> [PROBLEM DETAILS]:
Look below for the line containing "Men's Top Long"; from there, print each line exactly up to and including the line containing "Popis: Bohužel jsem", and stop.

> [Dataset records]:
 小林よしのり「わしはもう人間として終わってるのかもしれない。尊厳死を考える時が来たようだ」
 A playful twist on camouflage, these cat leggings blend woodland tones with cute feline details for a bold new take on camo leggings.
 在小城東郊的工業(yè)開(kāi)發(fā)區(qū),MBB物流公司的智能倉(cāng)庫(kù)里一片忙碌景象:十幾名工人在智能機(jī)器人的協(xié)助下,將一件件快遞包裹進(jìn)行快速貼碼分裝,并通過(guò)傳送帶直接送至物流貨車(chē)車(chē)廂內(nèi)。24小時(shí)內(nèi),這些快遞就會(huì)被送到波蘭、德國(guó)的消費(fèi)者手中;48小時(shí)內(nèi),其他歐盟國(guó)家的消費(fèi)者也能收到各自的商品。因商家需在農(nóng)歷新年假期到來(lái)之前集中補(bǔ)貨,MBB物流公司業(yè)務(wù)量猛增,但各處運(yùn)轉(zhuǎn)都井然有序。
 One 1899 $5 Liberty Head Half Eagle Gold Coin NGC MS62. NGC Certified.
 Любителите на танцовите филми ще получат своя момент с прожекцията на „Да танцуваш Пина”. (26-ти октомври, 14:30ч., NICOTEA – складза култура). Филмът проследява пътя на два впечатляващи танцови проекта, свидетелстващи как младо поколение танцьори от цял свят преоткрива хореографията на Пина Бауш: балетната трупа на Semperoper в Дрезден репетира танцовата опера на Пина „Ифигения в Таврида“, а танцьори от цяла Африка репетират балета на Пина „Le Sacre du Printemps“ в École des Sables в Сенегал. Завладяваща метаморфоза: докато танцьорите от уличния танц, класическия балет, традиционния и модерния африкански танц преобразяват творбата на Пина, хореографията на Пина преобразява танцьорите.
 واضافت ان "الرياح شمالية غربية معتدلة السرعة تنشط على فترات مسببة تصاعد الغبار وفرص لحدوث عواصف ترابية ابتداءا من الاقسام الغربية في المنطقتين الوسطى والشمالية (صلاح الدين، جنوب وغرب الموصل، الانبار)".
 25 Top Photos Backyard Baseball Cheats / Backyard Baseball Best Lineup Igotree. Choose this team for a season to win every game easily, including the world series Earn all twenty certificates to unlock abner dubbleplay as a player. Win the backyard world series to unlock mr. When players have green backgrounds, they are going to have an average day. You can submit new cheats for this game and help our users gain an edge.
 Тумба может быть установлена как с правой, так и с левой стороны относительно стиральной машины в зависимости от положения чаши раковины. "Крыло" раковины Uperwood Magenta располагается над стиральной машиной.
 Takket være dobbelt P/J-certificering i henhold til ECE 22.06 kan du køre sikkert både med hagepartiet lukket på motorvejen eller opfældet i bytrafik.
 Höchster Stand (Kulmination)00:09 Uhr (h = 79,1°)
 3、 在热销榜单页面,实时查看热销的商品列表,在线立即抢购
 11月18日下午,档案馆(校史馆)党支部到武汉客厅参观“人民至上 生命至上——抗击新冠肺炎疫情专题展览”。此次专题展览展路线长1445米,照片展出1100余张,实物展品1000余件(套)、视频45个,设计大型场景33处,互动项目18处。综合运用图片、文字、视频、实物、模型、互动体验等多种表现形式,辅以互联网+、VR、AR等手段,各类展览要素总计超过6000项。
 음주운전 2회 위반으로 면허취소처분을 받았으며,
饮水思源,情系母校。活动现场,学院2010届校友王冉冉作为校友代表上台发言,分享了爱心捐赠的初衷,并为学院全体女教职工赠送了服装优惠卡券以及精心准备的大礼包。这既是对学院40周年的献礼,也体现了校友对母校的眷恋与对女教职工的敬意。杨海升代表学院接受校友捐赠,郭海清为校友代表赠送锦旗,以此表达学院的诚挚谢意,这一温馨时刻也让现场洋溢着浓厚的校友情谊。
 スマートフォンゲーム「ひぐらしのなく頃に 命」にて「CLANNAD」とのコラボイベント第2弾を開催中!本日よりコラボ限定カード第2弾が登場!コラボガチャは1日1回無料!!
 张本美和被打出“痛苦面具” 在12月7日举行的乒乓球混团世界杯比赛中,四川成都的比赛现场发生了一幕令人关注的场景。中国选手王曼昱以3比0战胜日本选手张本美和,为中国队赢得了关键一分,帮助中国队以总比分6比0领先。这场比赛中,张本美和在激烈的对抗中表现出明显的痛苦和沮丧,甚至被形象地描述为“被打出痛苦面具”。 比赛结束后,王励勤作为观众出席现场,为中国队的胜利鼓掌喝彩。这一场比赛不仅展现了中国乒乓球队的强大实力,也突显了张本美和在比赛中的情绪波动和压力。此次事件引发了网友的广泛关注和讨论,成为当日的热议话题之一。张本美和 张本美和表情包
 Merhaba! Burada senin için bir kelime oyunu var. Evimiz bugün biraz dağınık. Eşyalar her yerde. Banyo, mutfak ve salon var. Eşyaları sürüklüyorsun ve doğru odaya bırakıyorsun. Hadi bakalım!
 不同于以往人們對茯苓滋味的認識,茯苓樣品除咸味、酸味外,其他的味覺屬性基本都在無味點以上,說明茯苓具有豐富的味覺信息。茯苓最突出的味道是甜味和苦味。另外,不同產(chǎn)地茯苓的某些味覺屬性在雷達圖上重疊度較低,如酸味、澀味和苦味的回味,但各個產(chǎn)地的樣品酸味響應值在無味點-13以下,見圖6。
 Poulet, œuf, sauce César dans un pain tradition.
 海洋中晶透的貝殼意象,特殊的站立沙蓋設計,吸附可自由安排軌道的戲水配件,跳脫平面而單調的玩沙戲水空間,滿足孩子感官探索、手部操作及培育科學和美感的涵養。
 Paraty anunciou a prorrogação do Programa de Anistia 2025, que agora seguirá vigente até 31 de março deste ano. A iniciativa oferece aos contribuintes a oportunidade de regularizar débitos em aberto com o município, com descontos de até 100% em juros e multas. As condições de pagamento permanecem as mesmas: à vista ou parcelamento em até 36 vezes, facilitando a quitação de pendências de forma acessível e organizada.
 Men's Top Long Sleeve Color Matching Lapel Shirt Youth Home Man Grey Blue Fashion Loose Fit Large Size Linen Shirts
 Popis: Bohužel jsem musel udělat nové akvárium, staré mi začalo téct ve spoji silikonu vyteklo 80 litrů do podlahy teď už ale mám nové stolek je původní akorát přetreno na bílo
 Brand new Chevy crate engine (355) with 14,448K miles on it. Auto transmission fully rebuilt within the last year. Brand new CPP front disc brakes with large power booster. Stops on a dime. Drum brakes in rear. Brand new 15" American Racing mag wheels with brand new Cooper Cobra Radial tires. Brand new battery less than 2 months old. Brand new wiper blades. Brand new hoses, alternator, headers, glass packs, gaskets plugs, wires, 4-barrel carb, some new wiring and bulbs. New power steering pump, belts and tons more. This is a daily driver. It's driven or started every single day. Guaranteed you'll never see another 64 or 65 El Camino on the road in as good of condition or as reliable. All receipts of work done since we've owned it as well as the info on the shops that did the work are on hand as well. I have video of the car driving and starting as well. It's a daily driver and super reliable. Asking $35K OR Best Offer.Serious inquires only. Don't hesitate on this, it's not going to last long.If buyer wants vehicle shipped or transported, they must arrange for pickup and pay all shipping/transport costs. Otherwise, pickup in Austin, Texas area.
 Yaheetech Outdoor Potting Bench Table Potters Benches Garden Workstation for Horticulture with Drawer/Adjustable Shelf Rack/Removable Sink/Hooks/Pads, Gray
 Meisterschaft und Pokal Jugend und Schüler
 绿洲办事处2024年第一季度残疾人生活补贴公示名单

> [THE COMPLETED TASK]:
 Men's Top Long Sleeve Color Matching Lapel Shirt Youth Home Man Grey Blue Fashion Loose Fit Large Size Linen Shirts
 Popis: Bohužel jsem musel udělat nové akvárium, staré mi začalo téct ve spoji silikonu vyteklo 80 litrů do podlahy teď už ale mám nové stolek je původní akorát přetreno na bílo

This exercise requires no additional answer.